Quality Stores had paid severance to terminated employees in connection with an involuntary Chapter 11 bankruptcy, and had withheld income and FICA taxes from those payments. Quality Stores then sought to recover the FICA taxes by, among other things, filing refund claims with the Internal Revenue Service (the "IRS"). Quality Stores argued that the severance payments were not "wages" that would be subject to FICA taxation, but rather were more properly classified as "supplemental unemployment compensation benefits," or "SUBs," because they were "wage-replacement social benefits."

SUBs, as defined in Internal Revenue Code ("Code") Section 3402(o)(2), are payments that are (i) paid to an employee, (ii) pursuant to a plan of the employer, (iii) because of the employee's involuntary separation from employment (whether or not the separation is temporary), (iv) due to a reduction in force, the discontinuance of a plant or operation, or other similar conditions and (v) includible in the employee's gross income. The IRS had argued that, as set forth in Revenue Ruling 90-72, in order for severance payments to be classified as SUBs (and therefore excludable from FICA tax), the payments must be linked to the receipt of state unemployment compensation and must not be received in a lump sum. The District Court disagreed with the IRS (as had the Bankruptcy Court) and ordered the IRS to refund the FICA taxes paid by Quality Stores.

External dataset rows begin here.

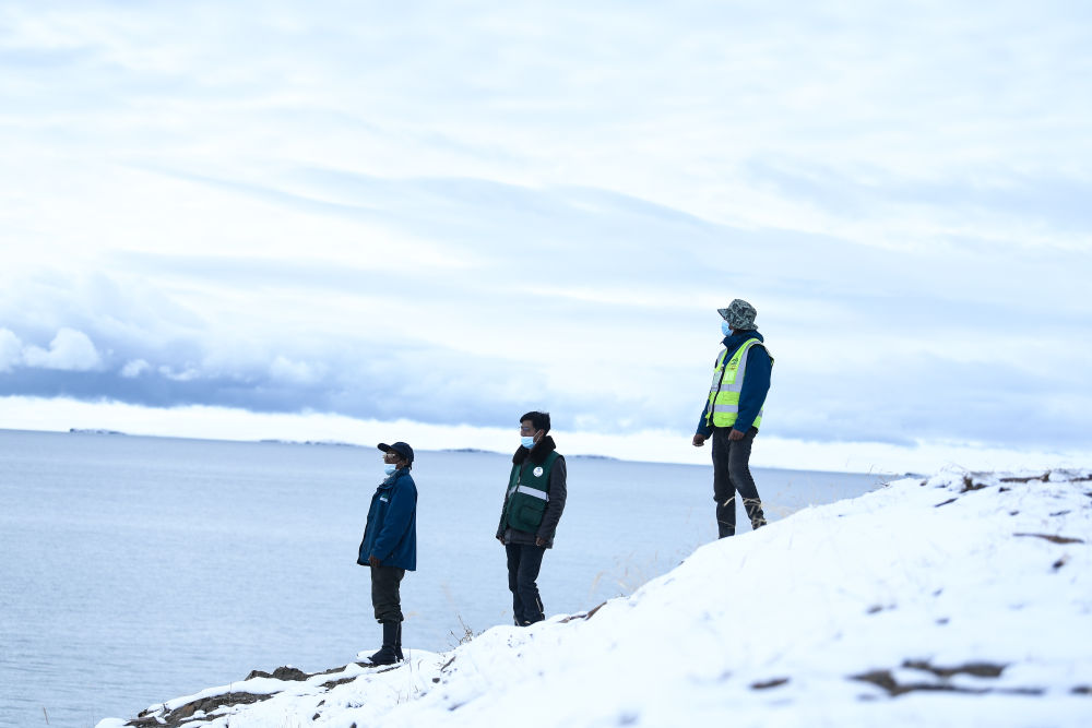 2021年10月20日,在青海省果洛藏族自治州瑪多縣扎陵湖鄉勒那村,三江源國家公園黃河源園區生態(tài)管護員在扎陵湖畔巡護。新華社記者 李占軼 攝
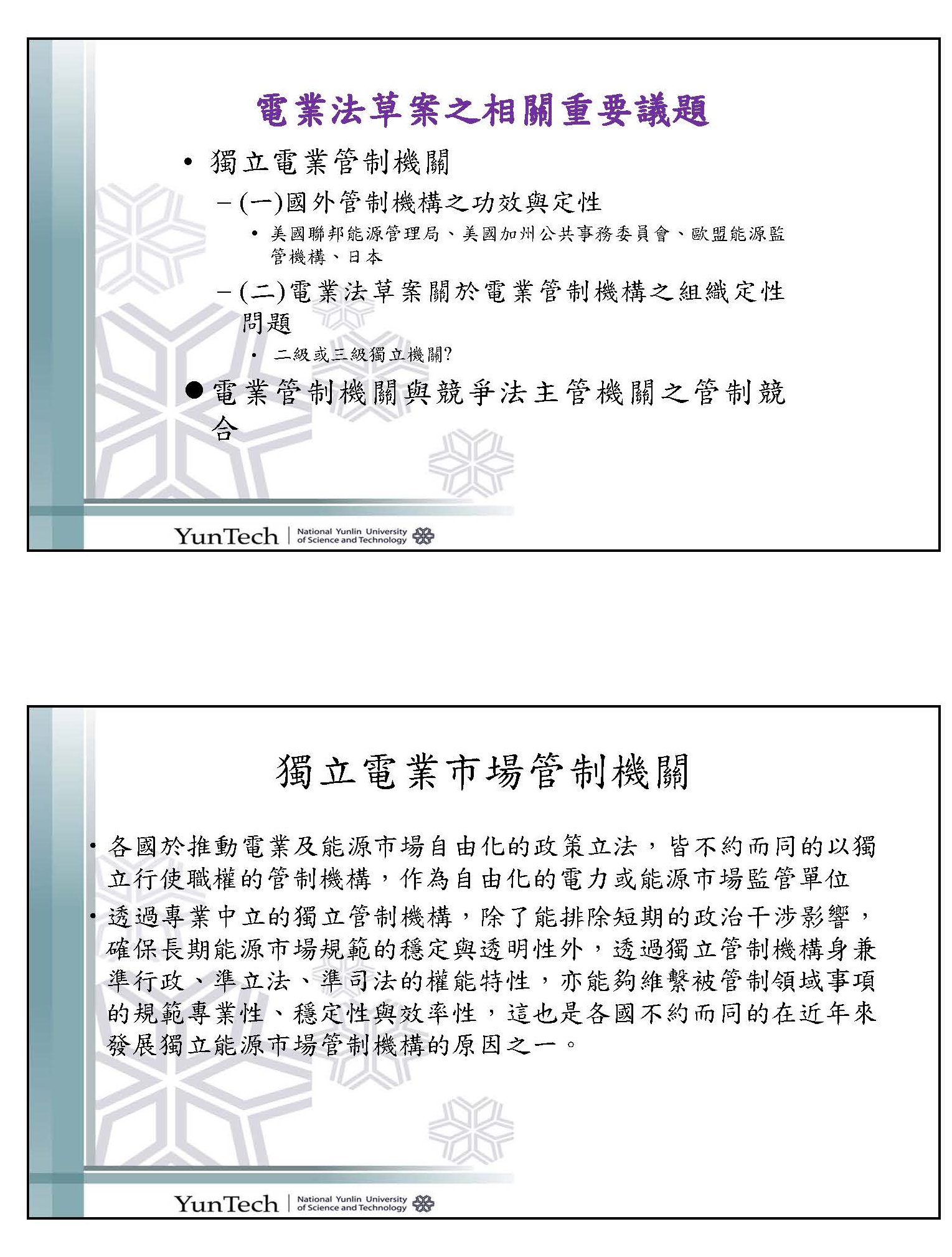 剛才很多先進針對這麼大的事情提出各種看法,我是一個法政學者,因為時間有限,我簡單就兩個我認為比較大的重點跟各位報告,第一個,是獨立管制機構的問題,第二個如果有時間的話,我再跟各位報告,就是電業管制機關跟競爭法主管機關在市場管制上競合可能出現的問題。
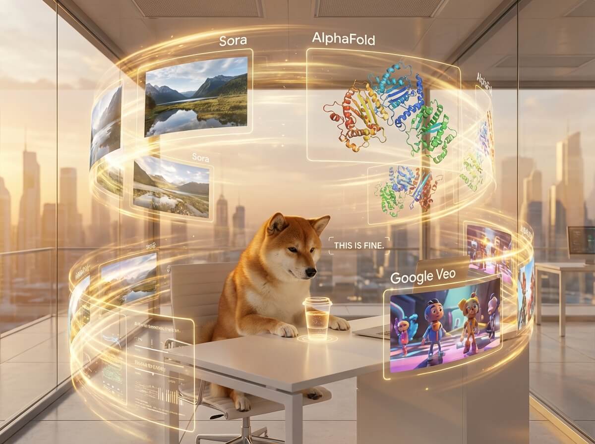 В какой‑то момент в 2025‑м стало ощущаться, что “просто чат с текстом” — это уже вчерашний день. Если в первом акте мы говорили про верхнюю планку качества ответов, то дальше интересное начинается там, где модели перестают быть чисто текстовыми и начинают видеть, слышать и моделировать мир — от коротких роликов до белковых структур. И тут внезапно выяснилось, что главное событие года — не отдельная демка, а то, что из этого всего можно собрать стабильные производственные процессы.
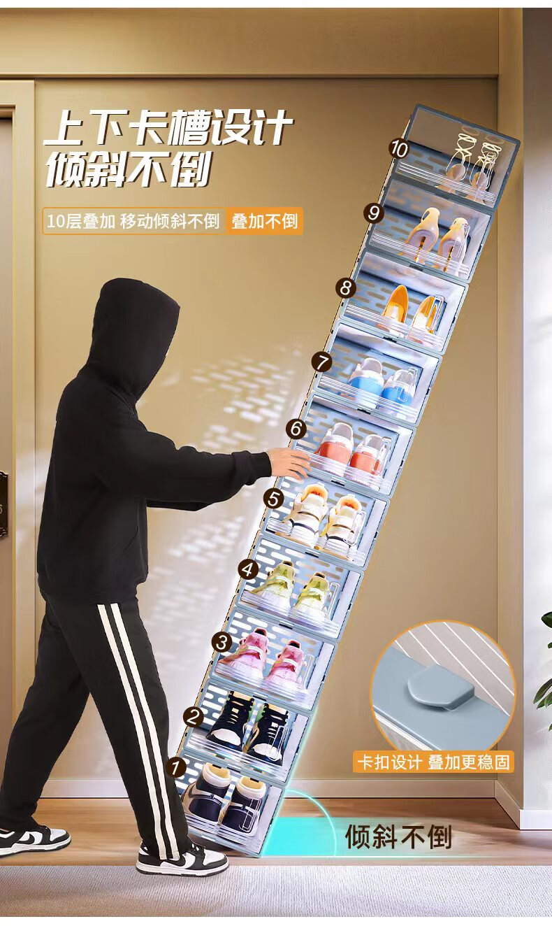 Shoe box storage box transparent thickened shoe cabinet drawer-type folding indoor dust-proof household doorway space-saving artifact. Each piece can be loaded up to 45 yards. No odor.
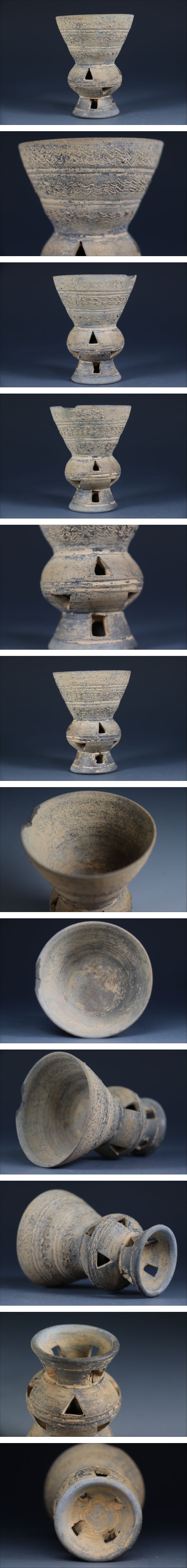 商品説明 | 商品名:蔵出し品 新羅時代 古朝鮮 波状文 広口壷 付属品:なし。 サイズ:高さ9,4cm、口径7,4cm、高台4,6cm。 状態:経過のスレ、欠けがございます。 |

The District Court's decision in Quality Stores is similar to a 2002 decision of the US Court of Federal Claims in CSX Corp. v. United States. In that case, the Court held that severance payments similar in nature to those made by Quality Stores were SUBs and therefore exempt from FICA taxes. The US Court of Appeals for the Federal Circuit, however, reversed the lower court's decision in 2008, holding instead that the severance payments were subject to FICA taxation because they were remuneration for services and thus "wages" subject to FICA taxation. However, in the period between the lower court's decision and the Court of Appeals' reversal, many employers had filed refund claims for FICA taxes previously paid with respect to severance payments, on the chance that the IRS would be required to treat severance payments as SUBs.

Although the IRS is likely to appeal the Quality Stores decision, and we believe that it is probable that the Sixth Circuit will agree with the US Court of Appeals for the Federal Circuit's decision in CSX Corp. that such severance payments are subject to FICA taxation, employers who have made severance payments that would meet the Code's definition of SUBs (irrespective of the IRS's argument that the payments must also be linked to the receipt of state unemployment compensation and not be received in a lump sum in order to be SUBs) should consider filing a refund claim for FICA taxes paid with respect to those severance payments, in the event the Quality Stores decision is affirmed. Since refund claims must be filed by April 15 of the third year following the year in which the employer paid the FICA tax, employers who wish to file a protective FICA tax refund claim for the 2006 calendar year must do so by April 15, 2010.